001 : Joseph Squier a block from the Nihon University entrance in Ekoda, Nerima-ku
Born in the 20th Century in the U.S., Joseph Squier currently works as a professor/artist. He came to Japan on a tourist visa. Why Japan? Curiosity. He digs the following Tokyo bits: the food, the simultaneously traditional and hypermodern culture, the taxis, and riding the subway. For more info on Joseph Squier you should send an email or visit Ninth Letter.

image: J. Squier

“For two weeks the day began with this morning walk, our shared routine.”

It is early November, our first morning in Tokyo. We are freshly arrived from a midwestern college town in the United States. My traveling companion is a friend and colleague, Nan. We’ve been invited to the Ekoda campus of Nihon Univers­ity to give a presentation on electronic art and a workshop on web publish­ing. The picture was taken about a block from the entrance to the campus.

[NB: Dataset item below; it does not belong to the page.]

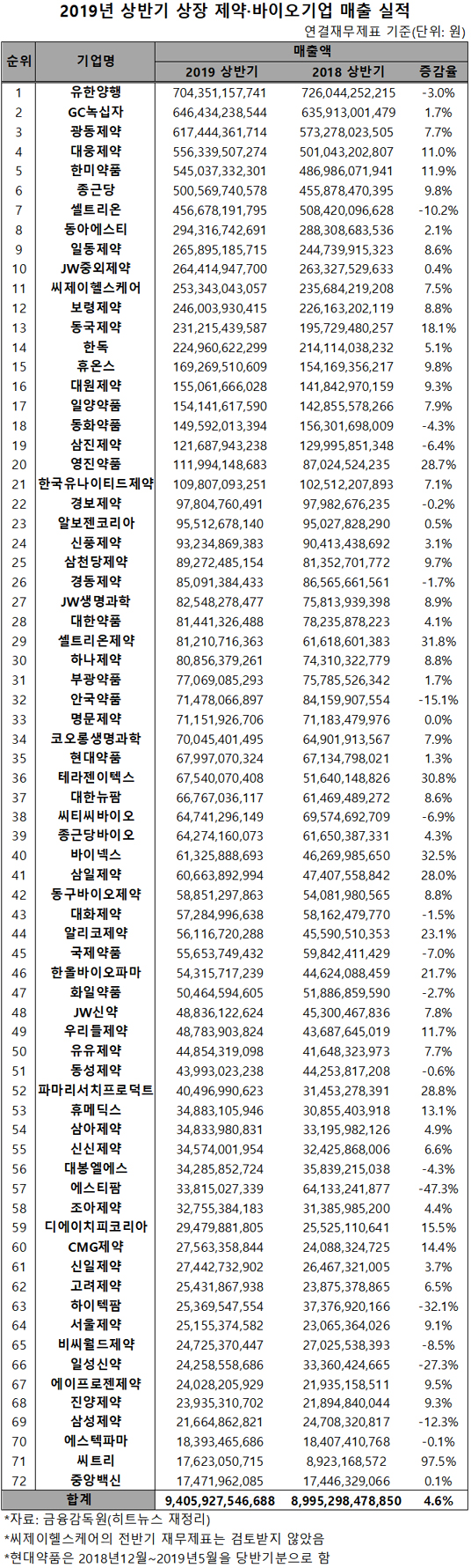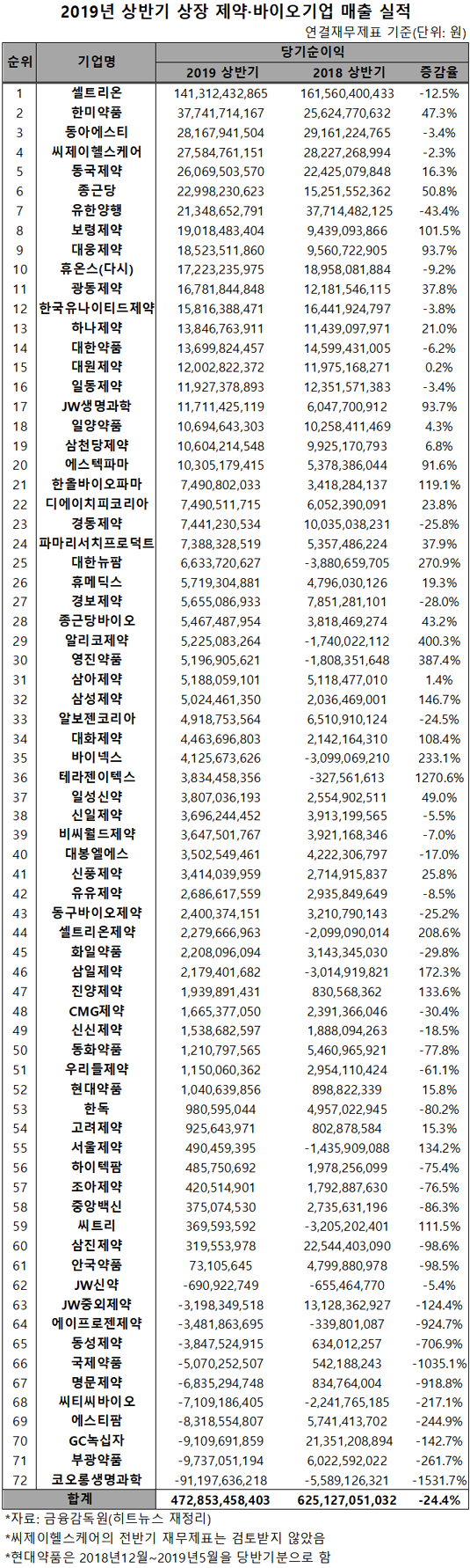 히트뉴스는 금융감독원에 공시된 72개 상장 제약바이오기업의 2019년 반기보고서를 연결재무제표 기준으로 분석했다. 15일 분석 결과, 전반적으로 실적이 좋지 않은 편이었다.

It’s a pretty nondescript picture, I know. But it sits on my desk, propped against the wall, with a small collection of half a dozen pictures all taken within a two-block area near the univers­ity. All of them feature street scenes of traffic, signs and small shops, always with Nan a few feet ahead in the distance. This is the Tokyo that I remember.

I visited and photographed the Ginza [1] and the Imperial Palace and lots of other areas in Tokyo that you might think would be more memor­able. But those memories have become more vague with time. Whenever I look at this stack of ordinary pictures, though, I can still feel the slight chill in the Novem­ber air. I hear the traffic—that taxi passing by—and remember the sounds of delivery trucks being unloaded.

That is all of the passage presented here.